Título original: Christian Joy
Por John A. Broadus
(1827-1895)
Traduzido,
Adaptado e Editado por
Silvio Dutra
“Regozijai-vos
sempre no Senhor! E novamente digo regozijai-vos.” (Filipenses 4: 4)
Uma
pessoa que leia esta carta de Paulo aos cristãos filipenses dificilmente
deixará de observar, quantas vezes o apóstolo fala de alegria; quantas vezes
ele faz alusão às suas próprias fontes de alegria; quantas vezes ele convida
seus irmãos a se alegrarem. Deve haver significado nisso. O apóstolo Paulo não
era um homem que costumava usar muitas palavras sem significado; porque o
Espírito divino, que o guiou, no que escreveu, nunca fala em vão. Quando lemos
repetidamente frases como esta: "Por fim, meus irmãos regozijai-vos no
Senhor", ou "em todas as coisas com oração e súplica com ações de
graças, façam conhecer suas petições", etc, ou quando diz, "para o
vosso progresso e alegria de fé", "para que a vossa alegria seja mais
abundante", "e vós também regozijai-vos e alegrai-vos
comigo por isto mesmo"; ou, como no
texto, convida-os a "regozijar-se sempre no Senhor", repetindo a frase
com ênfase incomum e muito marcante, "e novamente digo, regozijai-vos"

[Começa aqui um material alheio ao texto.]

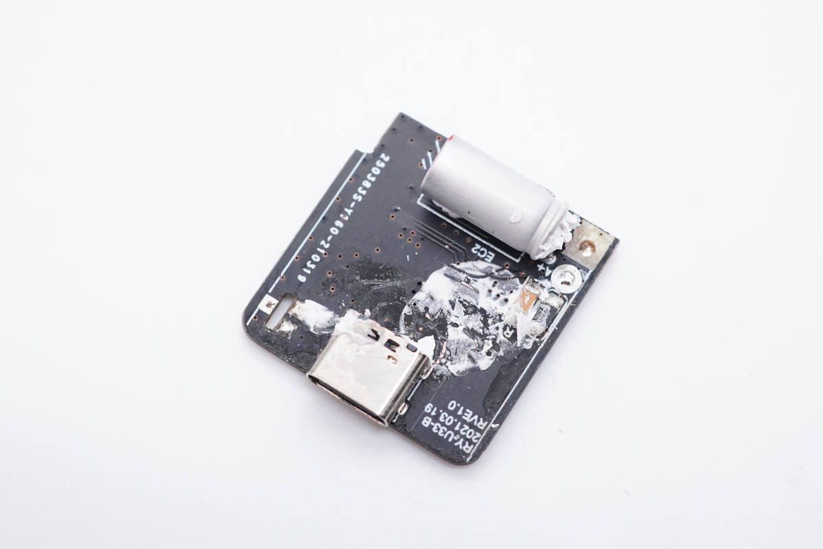 充電器設有輸入輸出兩塊小板,之間通過一塊很小的板子進行連接。各器件的空隙里打膠處理,PCBA模塊整體穩定性得以保證。

- quando lemos todas essas passagens, podemos ter certeza de que o escritor era
muito sincero em sua própria alegria, e estava bastante ansioso que seus irmãos
também se alegrassem, e estava certo de que eles tinham ampla causa de
regozijo.
É bom
também observar qual era a condição daquele que assim diz constantemente para
nos alegrarmos, e qual é a condição daqueles aos quais ele exortou ao dever de
regozijo e gratidão. Quando Paulo escreveu aos cristãos de Filipos, estava
preso em Roma; não só para ser julgado pelas acusações feitas contra ele pelos
judeus (que não eram susceptíveis de condená-lo), como também era passível de
castigo por pregar uma nova religião que não era tolerada pelas leis do Estado,
e que tinha uma tendência direta para quebrar a religião do Estado. Ele sabia de
tudo isso - sabia que sua vida estava em perigo; e ainda assim ele se alegra,
pois ele está confiante de que, por sua vida ou sua morte, Cristo será
glorificado, e ele sente que para ele (como ele diz) "viver é Cristo, e
morrer, é ganho". Ele pode se alegrar também de que sua prisão tenha sido
o meio de chamar a atenção para a religião que ele prega, e que muitos têm se
tornado mais ousados em pregar o evangelho por causa de suas prisões.
E assim
ele, que era um prisioneiro, e não podia saber o seu destino, ainda encontrou
abundante motivo de gratidão e alegria. Os cristãos filipenses, a quem ele
escreveu, tiveram de suportar mais do que ordinárias provações. O próprio
apóstolo, quando primeiro pregava ali, havia sido gravemente maltratado; e o
zelo e o ódio dos judeus fez com que eles continuassem a travar uma guerra
incessante contra os poucos discípulos da verdadeira fé. Eles tinham
adversários, tinham oposição, tinham perseguições. No entanto, Paulo diz:
"alegrai-vos". Certamente, então, quando vemos um apóstolo
regozijando-se em grilhões, e repetidas vezes dizendo "regozijem-se"
a um corpo fraco de homens feridos e perseguidos, podemos saber que a ação de
graças e alegria é um grande dever cristão e um exaltado privilégio cristão.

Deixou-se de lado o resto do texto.